The current franchise dates from 1994, when Joe Buzas, a former major league player and the owner of the PCL Portland Beavers, moved the team to Salt Lake City. Buzas made a deal wherein the city would build a new ballpark on the site of historic Derks Field in exchange for relocating the team. The new ballpark, Franklin Quest Field, opened in 1994 with the renamed Salt Lake Buzz drawing 713,224 fans to home games during their inaugural season—breaking the PCL single-season attendance record that had stood for 48 years.

===Salt Lake Stingers (2001-2005)===
Known as the Salt Lake Buzz from 1994 to 2000, the team changed its name to the Salt Lake Stingers in 2001. The change was forced by a trademark dilution lawsuit filed by Georgia Tech, whose yellowjacket mascot is named Buzz.

Stingers owner Joe Buzas died in 2003. Larry H. Miller purchased the Stingers in 2005 from his estate.

===Salt Lake Bees (2006-present)===
Following the 2005 season, the team announced the Stingers would henceforth be known as the Salt Lake Bees, the name of the original PCL franchise which played in Salt Lake City from 1915 to 1926 and from 1958 to 1965. The team also chose a logo, jersey, and color scheme similar to the latter Bees PCL franchise. Bees have long been a symbol of Utah. The original name of the Mormon settlement, Deseret, is said to be the word for "honeybee" in the Book of Mormon; a beehive appears on the Utah state flag; the state motto is "Industry" (for which bees are known); and Utah is widely known as the "Beehive State."

In 2019, the Bees announced a new logo, name, and branding for the team, taking on the name "Abejas de Salt Lake" for their ongoing participation in The Copa de la Diversión.

In conjunction with Major League Baseball's restructuring of Minor League Baseball in 2021, the Bees were organized into the Triple-A West. Salt Lake ended the season in fifth place in the Western Division with a 49–70 record. No playoffs were held to determine a league champion; instead, the team with the best regular-season record was declared the winner. However, 10 games that had been postponed from the start of the season were reinserted into the schedule as a postseason tournament called the Triple-A Final Stretch in which all 30 Triple-A clubs competed for the highest winning percentage. Salt Lake finished the tournament tied for seventh place with a 6–4 record. In 2022, the Triple-A West became known as the Pacific Coast League, the name historically used by the regional circuit prior to the 2021 reorganization.

In the early part of the 2023 season, Jo Adell broke a franchise record with a six-game straight home run streak.

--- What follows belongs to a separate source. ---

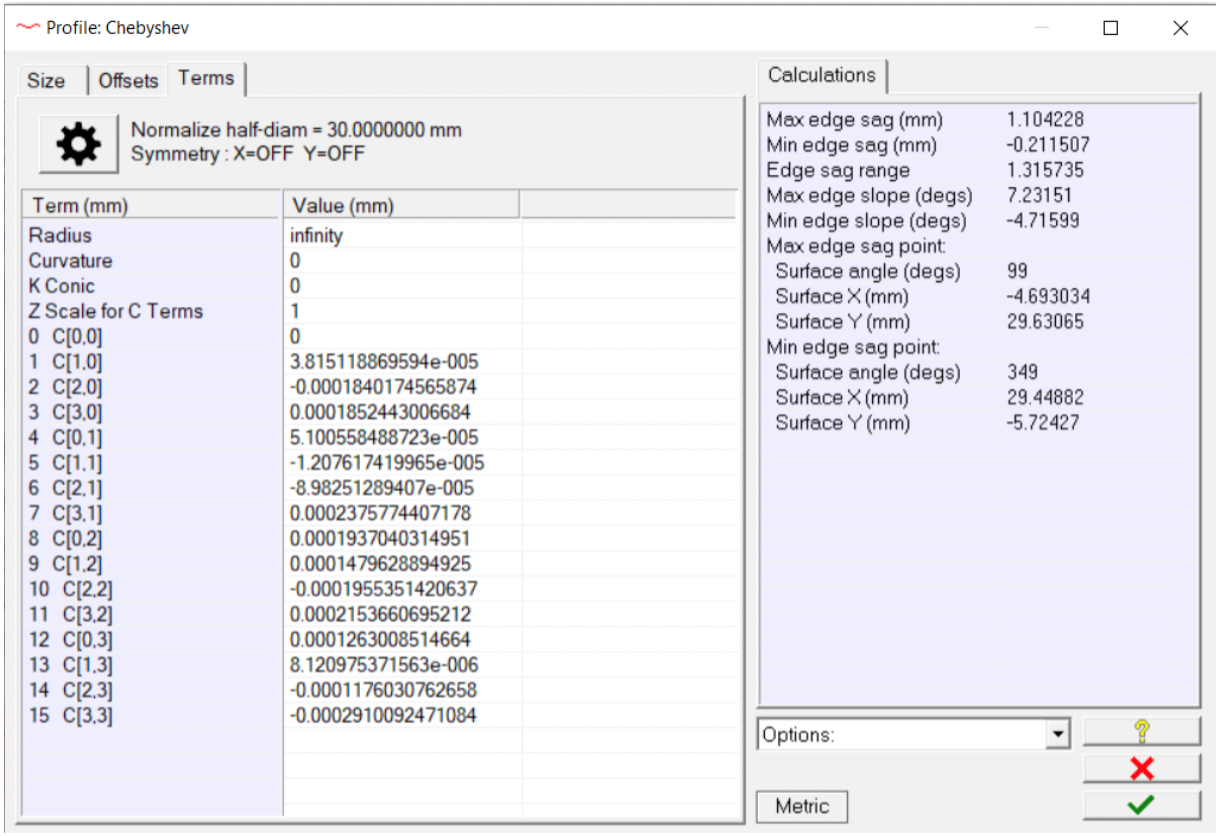 The sag equation in DIFFSYS, z = fn(x,y) is similar to the one in the ZEMAX optical design program. It consists of a sum of Chebyshev terms added to a standard asphere equation.

In early 2024, Marc Amicone left the Bees to become an advisor on baseball matters for the Larry H. Miller Company. He will work with the company and Big League Utah in their efforts to bring a Major League Baseball team to Utah. The team named Ty Wardle, the Bees' former chief revenue officer as the new general manager. Cameron Coughlan was hired as assistant general manager.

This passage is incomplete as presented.